Их было трое в густевших сумерках. За садом – внизу под склоном – сверкала Вальпургиева ночь и, возможно, свистела, взлетая, ракета. Остатки заката, первые звезды. Зондеркоманденфюрер Шмуль стоял по другую сторону садовой ограды. В полосатой одежде. Вся обстановка, сказала Ханна, не походила ни на одну из тех, какие она когда-либо знала, о каких читала или слышала. Заключенный, который выглядел пьяным, вытянул из рукава длинный инструмент или оружие, что-то вроде пики с узкой поперечиной. Все было неопределенным, все казалось притворством.
Долль пинком распахнул калитку, сказал: «Ну, входи уж…»
Шмуль остался стоять на месте.
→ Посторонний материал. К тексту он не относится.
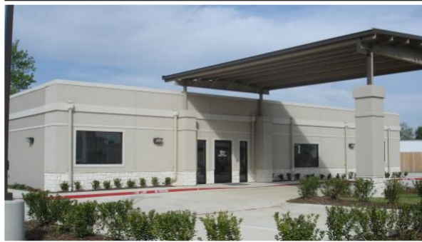
EXTERIOR OF FREESTANDING DIALYSIS CLINIC (HEARNE, TEXAS)

Our previous dialysis projects have received recognition with Awards of Distinction from the Modular Building Institute and our clientele includes numerous repeat customers.

Он рванул рубашку, приложил острие к груди. (Ханна, сказав это, вытянула перед собой сцепленные руки.) Шмуль посмотрел ей в глаза и произнес: «Eigentlich wolte er dass ich Ihnen das antun».
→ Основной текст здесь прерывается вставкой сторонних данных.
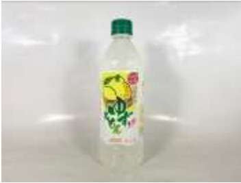
I232 500ML X 24 DYDO柚子檸檬果汁10M DYDO YUZU LEMON

А Долль ответил: «Ну и какой от тебя тогда прок?»
И выстрелил ему в лицо. Поднял пистолет и выстрелил ему в лицо. Потом присел и выстрелил еще раз, в затылок.
Когда содрогания Шмуля затихли, Долль, не встав с корточек, медленно повернулся и поднял на нее взгляд.
Eigentlich wolte er dass ich Ihnen das antun. «На самом деле он хотел, чтобы я сделал это с вами».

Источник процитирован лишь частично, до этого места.